Conditions: Official terms:
Neoplasms
Adenocarcinoma
Esophageal Neoplasms
Esophageal Squamous Cell Carcinoma
Esophageal Diseases

Conditions: Keywords:
laparoscopic
robot assisted surgery
gastrointestinal anastomoses
esophagectomy
esophageal surgery
thoracic surgery
alimentary surgery
perfusion
indocyanine green (ICG)
laser speckle contrast imaging (LSCI)
cancer
minimally invasive surgery (MIS)

Study type: Interventional

Study phase: N/A

Overall status: Recruiting

Study design:

Allocation: N/A

Intervention model: Single Group Assignment

Intervention model description: Target enrollment for the assessment of esophageal anastomoses is a total of 70 patients powered to detect ~ 2-3 cm discordance between ICG and LSCI lines of demarcation between well vascularized and less vascularized site in the gastric conduit. Since ActivSight™ can detect the difference of > 2 cm between perfused versus less perfused in comparison to ICG with 80 % confidence at p<0.05 in a sample size of n = 21, the investigators estimate that the study will require an accrual of 63 patients. With potential unforeseen dropout and mortality, the investigators recruit a total of 70 patients for the proposed study.

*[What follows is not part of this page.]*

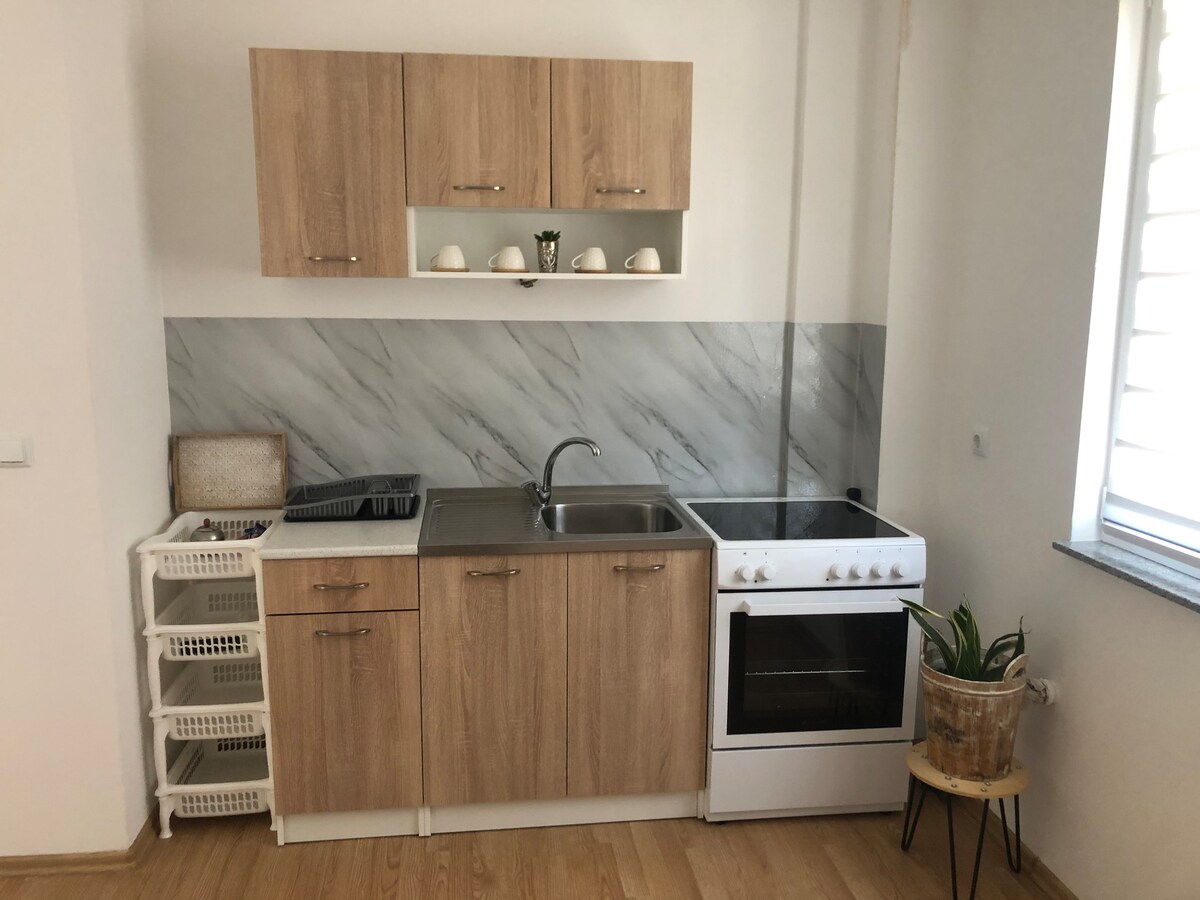 Neue, moderne, klimatisierte Wohnung, 5 km vom Stadtzentrum entfernt, in einem Geschäftsgebäude im ersten Stock. Im Erdgeschoss gibt es einen Markt und eine Kaffeebar. Im Gebäude gibt es ein Kinderspielzimmer und ein Konferenzraum. Auf der anderen Straßenseite befindet sich ein Grill- und Busbahnhof. Der Bahnhof ist 500 Meter entfernt.

Primary purpose: Diagnostic

Masking: None (Open Label)

Intervention:

Intervention type: Device
Intervention name: ActivSight
Description: Use of ActivSight in patients undergoing laparoscopic or robot assisted esophagectomy.
Arm group label: ActivSight Group

Summary: ActivSight™ combines an innovative form factor and proprietary software to deliver precise, objective, real-time visualization of blood flow and tissue perfusion intraoperatively for laparoscope-based surgery. A small adaptor that fits between any existing laparoscope and camera systems and a separate light source placed along any current commercial system will deliver objective real-time tissue perfusion and blood flow information intraoperatively. Primary Objective: To determine the feasibility of ActivSight™ in detecting and displaying tissue perfusion and blood flow in the conduit and foregut anastomoses in esophageal resection/reconstructive surgery. The investigators will compare the precision and accuracy among the naked eye inspection, ICG and LSCI in assessing the vascularity of the conduit.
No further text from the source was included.